Question 104B.08. Another ransomware attack, but this one involving only a small ransomware payment. According to Corp Fin, the size of the payment is not, by itself, determinative as to whether the cybersecurity incident is material. The registrant will need to apply the usual standard—“if there is a substantial likelihood that a reasonable shareholder would consider it important in making an investment decision, or if it would have significantly altered the total mix of information made available”— for assessing the materiality of the incident, and the size of the ransomware payment is only one of the facts and circumstances that should be considered. In addition, Corp Fin highlights that, in adopting the rules, the SEC “declined ‘to use a quantifiable trigger for Item 1.05 because some cybersecurity incidents may be material yet not cross a particular financial threshold.’” In the adopting release, the SEC stated that the “material impact of an incident may encompass a range of harms, some quantitative and others qualitative. A lack of quantifiable harm does not necessarily mean an incident is not material. For example, an incident that results in significant reputational harm to a registrant . . . may not cross a particular quantitative threshold, but it should nonetheless be reported if the reputational harm is material.”

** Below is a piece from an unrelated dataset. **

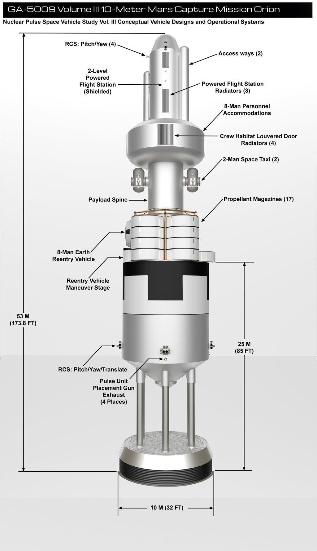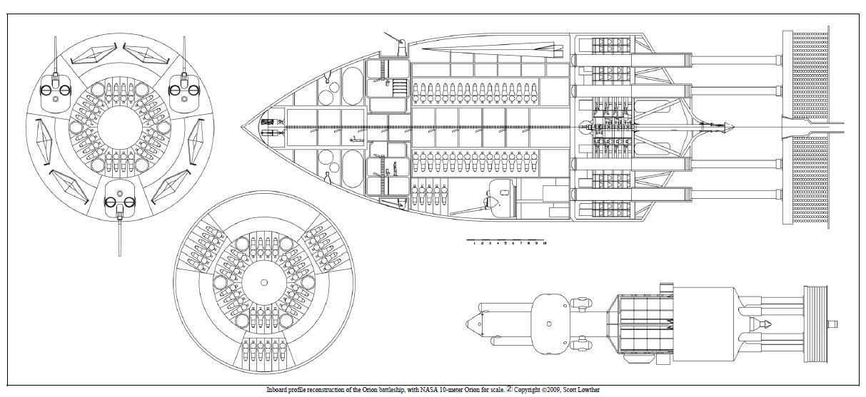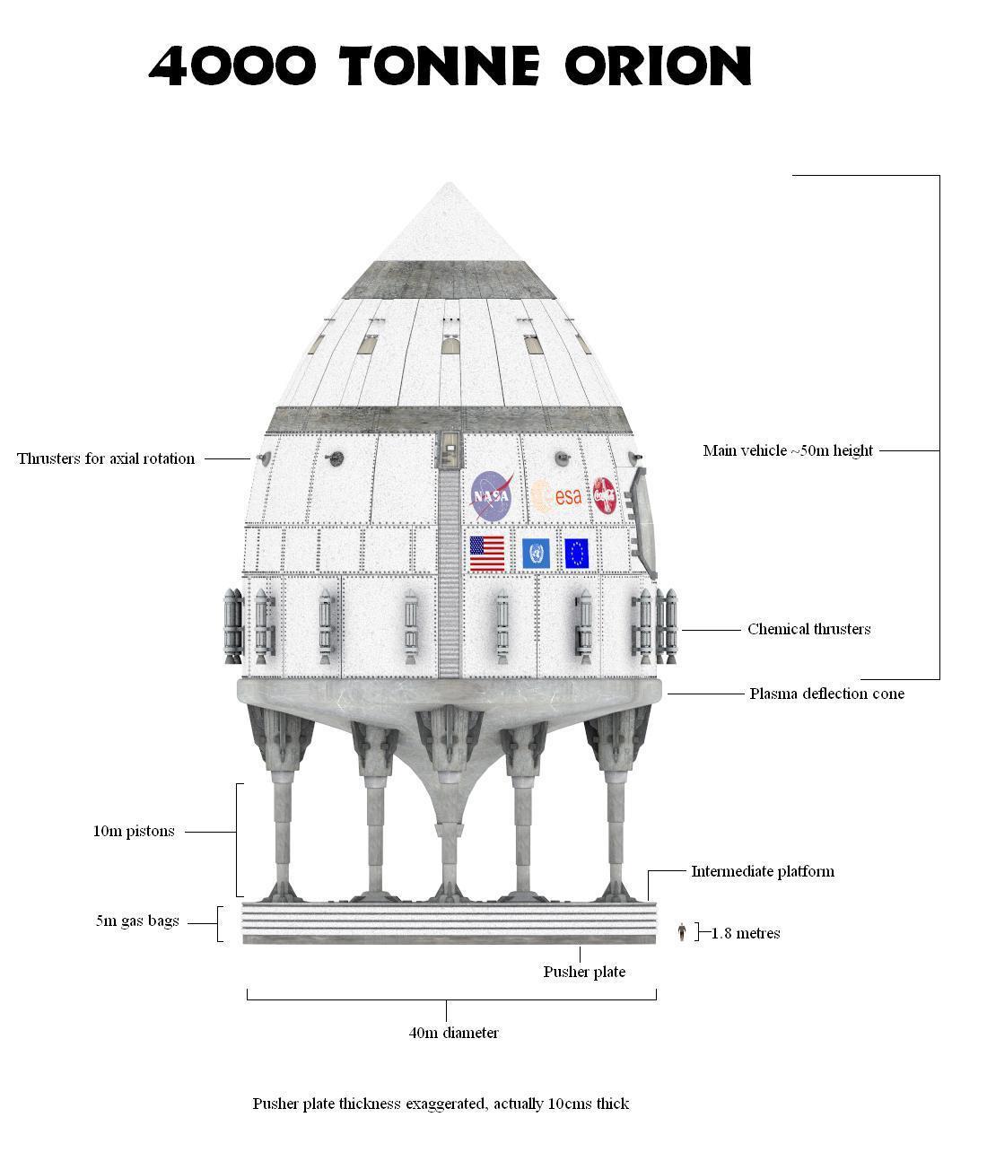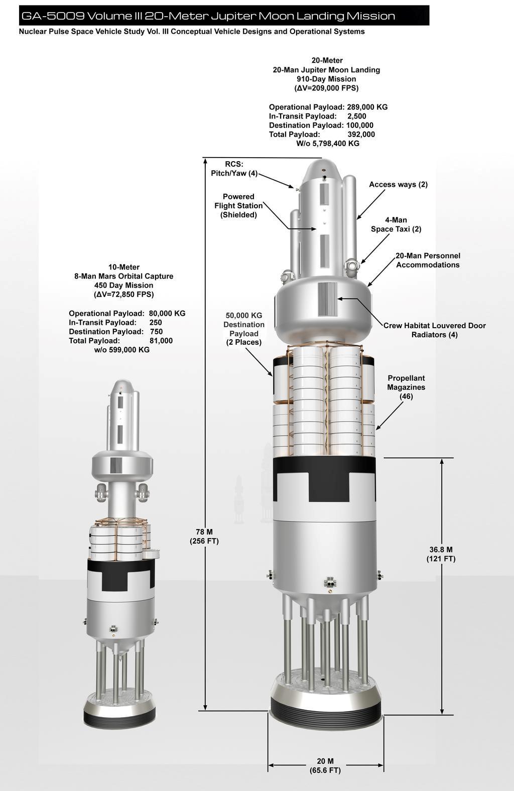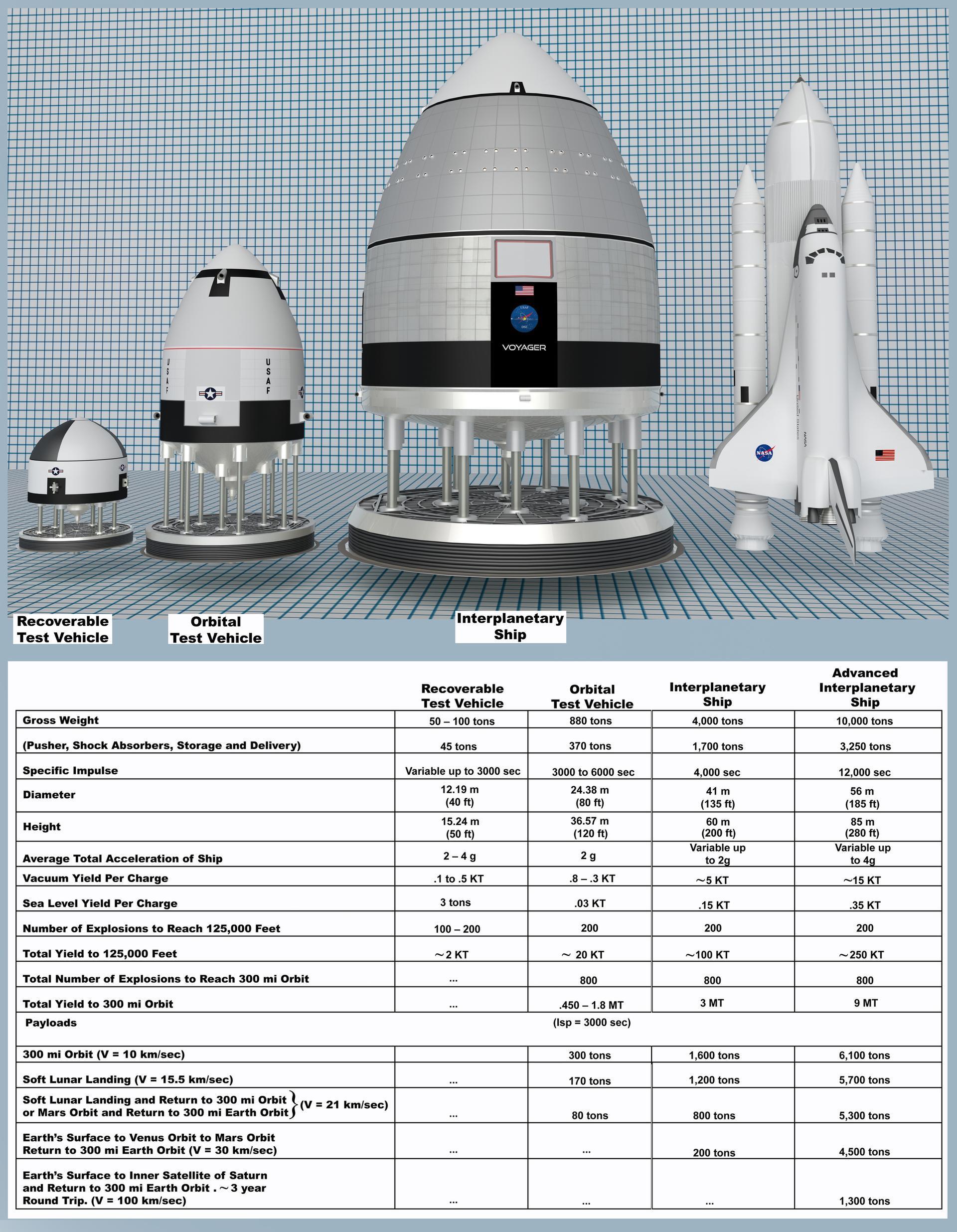 Линейка несостоявшихся проектов. От 100-тонного суборбитального "Ориона" к 4000-тонному. Как видим, главная проблема "Ориона" - очень низкий КПД + радиационное загрязнение. Чтобы запустить 4000-тонник на орбиту, надо взорвать 3 мегатонны в тротиловом эквиваленте. Для 10 000-тонного - уже 9 мегатонн, причем не все они пролетят мимо атмосферы.

Question 104B.09. A series of cybersecurity incidents involving ransomware attacks over time, either by a single threat actor or by multiple threat actors, may be immaterial individually, but could be required to be disclosed, depending on the particular facts and circumstances. Corp Fin advises that the registrant should consider whether any of those incidents were related, and if so, determine whether those related incidents were, collectively, material. The definition of “cybersecurity incident” under Reg S-K Item 106(a) includes “a series of related unauthorized occurrences.” In the adopting release for Item 1.05, the SEC noted that
“when a company finds that it has been materially affected by what may appear as a series of related cyber intrusions, Item 1.05 may be triggered even if the material impact or reasonably likely material impact could be parceled among the multiple intrusions to render each by itself immaterial. One example was provided in the Proposing Release: the same malicious actor engages in a number of smaller but continuous cyberattacks related in time and form against the same company and collectively, they are either quantitatively or qualitatively material. Another example is a series of related attacks from multiple actors exploiting the same vulnerability and collectively impeding the company’s business materially.”